Sir
Oliver Tressilian: Sakr-el-Bahr, The Sea Hawk
Sakr-el-Bahr, the Hawk of the Sea, the
scourge of the Mediterranean, the terror of Christians, and
the beloved of Asad-ed-Din, Basha of Algiers, is a devout
Muslim corsair. He is also Sir Oliver Tressilian.
Before Capatin Blood, there was Sir Oliver, a nobleman villainously
betrayed by a jealous brother. Forced into slavery aboard
a Spanish galley, Sir Oliver is liberated by Barbary pirates,
joins them, and soon sets off on a quest for revenge.
Sir Oliver is an anti-hero which many
readers find superior to Sabatini's later creation Capatin
Blood.
In the film Flynn, plays Elizabethan-era
privateer Sir Geoffrey Thorpe an English privateer that defends
his nation's interests on the eve of the Spanish Armada.
Time magazine of 19 August 1940 observed, "The Sea Hawk
(Warner) is 1940's lustiest assault on the double feature.

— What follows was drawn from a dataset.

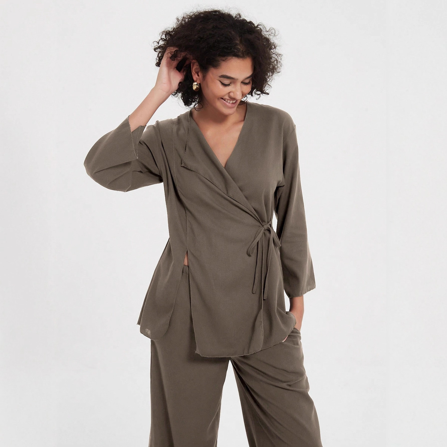 クロスボーダー婦人服卸売ヨーロッパとアメリカンスタイルのVネックレースアップ着物スタイルのルーズ長袖トップとハイウエストワイドレッグパンツスーツ

It cost $1,700,000, exhibits Errol Flynn and 3,000 other cinemactors
performing every imaginable feat of spectacular derring-do,
and lasts two hours and seven minutes...Produced by Warner's
Hal Wallis with a splendor that would set parsimonious Queen
Bess's teeth on edge, constructed of the most tried-&-true
cinema materials available, The Sea Hawk is a handsome, shipshape
picture. To Irish Cinemactor Errol Flynn, it gives the best
swashbuckling role he has had since Captain Blood. For Hungarian
Director Michael Curtiz, who took Flynn from bit-player ranks
to make Captain Blood and has made nine pictures with him
since, it should prove a high point in their profitable relationship."